Sureka said she couldn’t believe it when she heard they’d won the grant. “We’re not
engineers,” she said, “and we literally were competing with the whole world.” But then she
thought, “maybe this is why I am at Smith. This project is possible because Smith allows us to
explore and take classes in different fields. Bringing in knowledge from other fields is what
Smith is all about—and what the liberal arts is all about.”
Moore said that what Sureka described as a “lack of expertise” may have helped the students’
in this project. “Instead of starting with answers, which can be limiting, these students
started by asking good questions,” Moore said.

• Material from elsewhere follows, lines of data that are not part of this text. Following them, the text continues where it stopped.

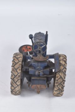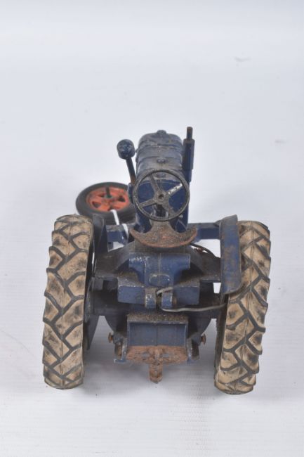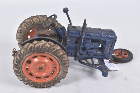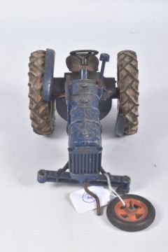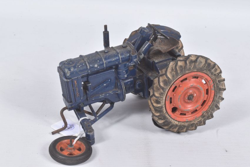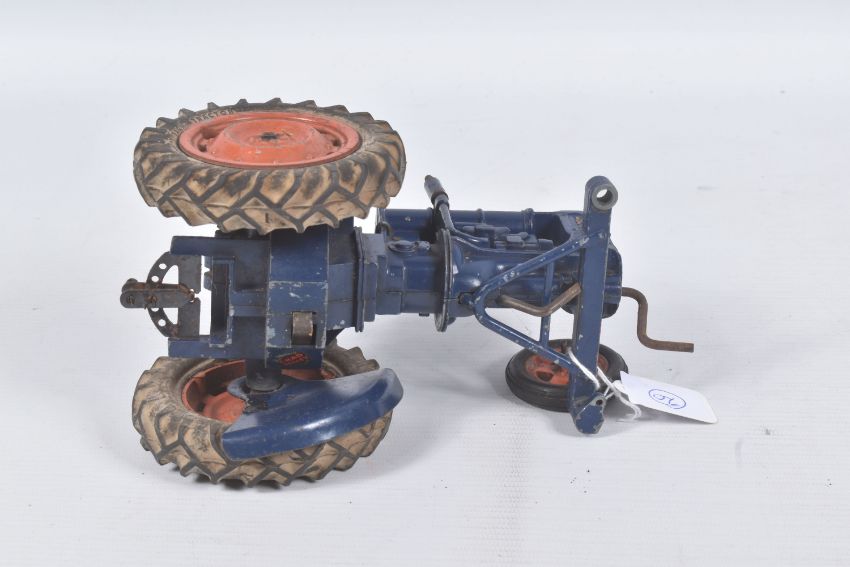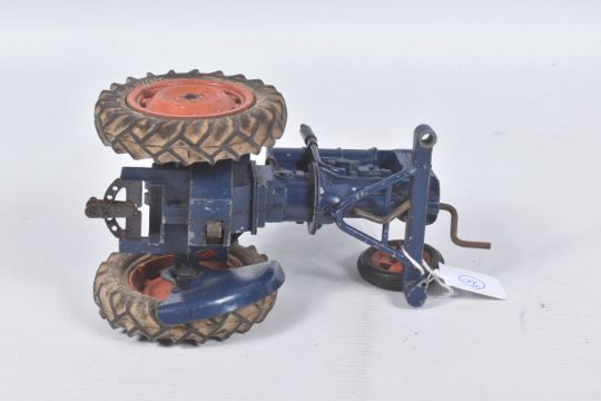 AN UNBOXED CHAD VALLEY CLOCKWORK FORDSON MAJOR E27N TRACTOR, No.9235, 1/16 scale, version wound by starting handle, handle turns but motor does not wind, one front wheel missing, other present but detached from tractor, appears to be missing other steering parts, one mudguard loose, other appears held by wire, playworn condition with paint loss, marking and wear, but has both (bent) exhausts, seat and towing pins
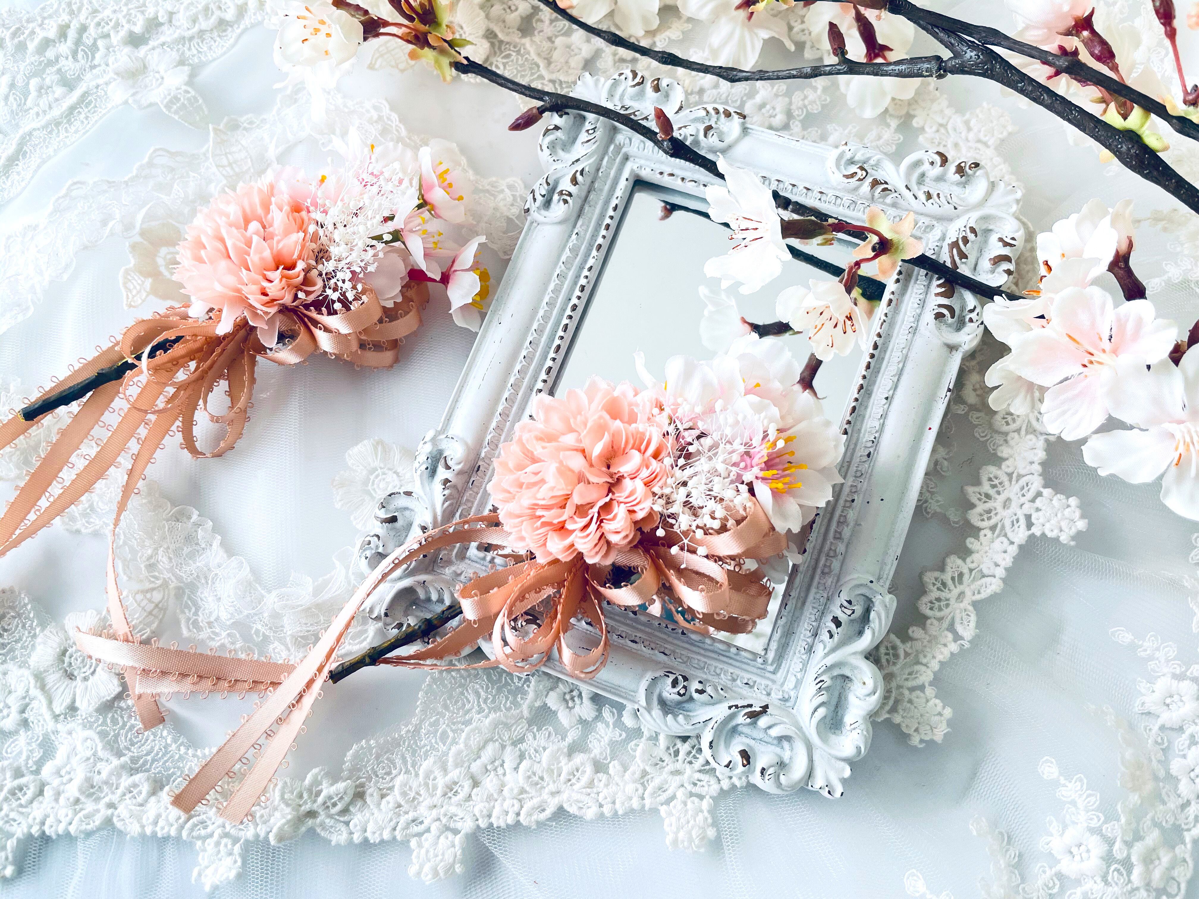 繊細なアーティフィシャルフラワーにリボンを添えて。
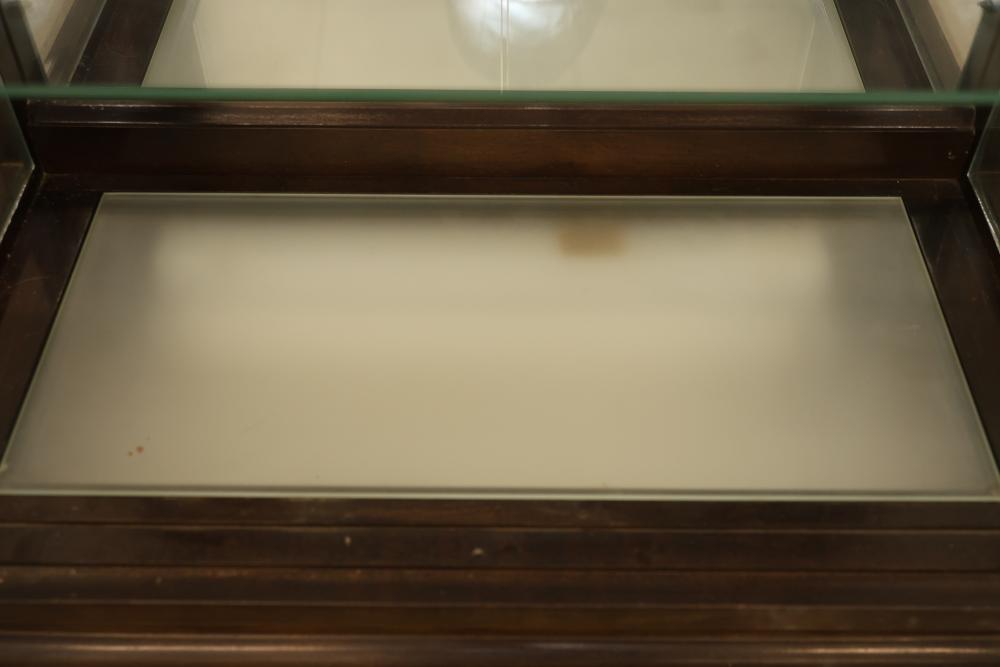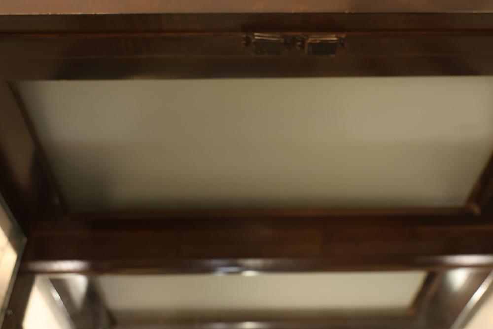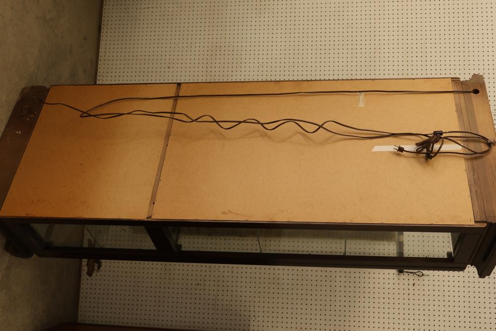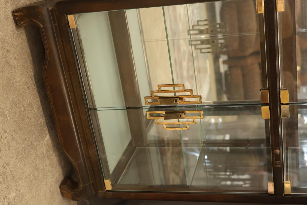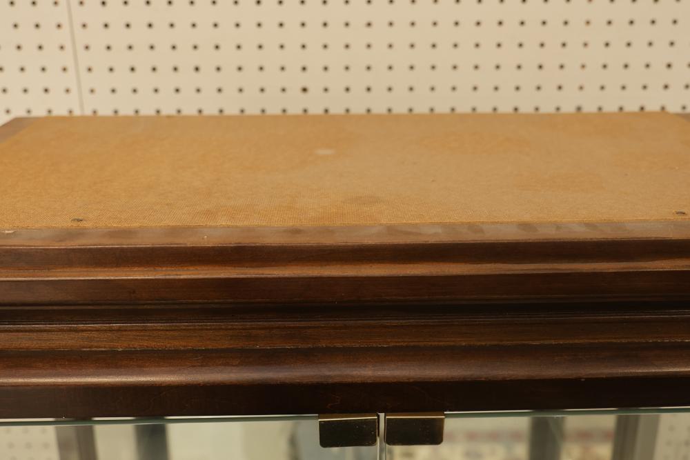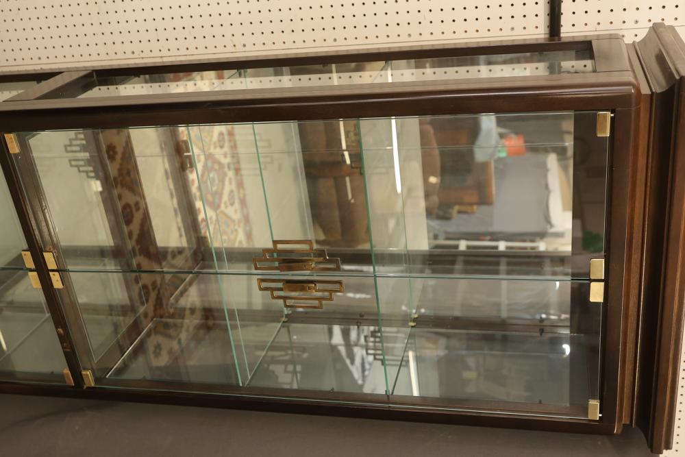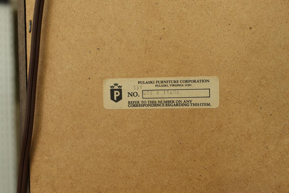 Pulaski Furniture Corporation Mirrored-Back Display Cabinet with Interior Lighting and 5 Removable Glass Shelves. Measures approximately 79.5 inches high, 27.5 inches wide, and 14.25 inches deep. Features glass panel doors, brass-finished pulls, and electrical cord for lighting. Pickup only.

Moore and Sureka note that the grant represents a team effort involving not just Moore and
the students but also faculty departments including economics, computer science and design
thinking—and alumnae, too. “The students were very open during the process,” Moore said.
“They recognized that good conversation may be the spark that ignites a good idea.”
The students’ work continues in preparation for a summer 2016 product launch: in addition
to weekly meetings with Moore, they are developing software for the program, preparing for
upcoming research and focus groups, and soliciting feedback from Smith faculty and others
on and off campus. The entire Smith student team will travel to India for a month over
Winter Break to interview merchants and consumers and develop a stronger sense of their
needs.
About the Student Grant Recipients
Christine Yee ’17 is an economics major originally from Auckland, New Zealand, and
currently living in South San Francisco. Darpan Bohara ’18, from Pokhara, Nepal, is
considering a major in computer science. Yashna Sureka ’17 is an economics major from
Bangalore, India.
The students are continuing their work this
semester and hope to compete for a $1 million
Grand Challenges Explorations follow-on grant in
the near future.
About Grand Challenges Explorations
Grand Challenges Explorations is a $100 million
initiative funded by the Bill & Melinda Gates
Foundation. Launched in 2008, more than 1,160
projects in more than 60 countries have received
Grand Challenges Explorations grants. The grant
program is open to anyone from any discipline and
from any organization. The initiative uses an agile,
accelerated grant-making process with short twopage online applications and no preliminary data
required. Initial grants of $100,000 are awarded
two times a year. Successful projects have the
opportunity to receive a follow-on grant of up to $1
Christine Yee ’17
million.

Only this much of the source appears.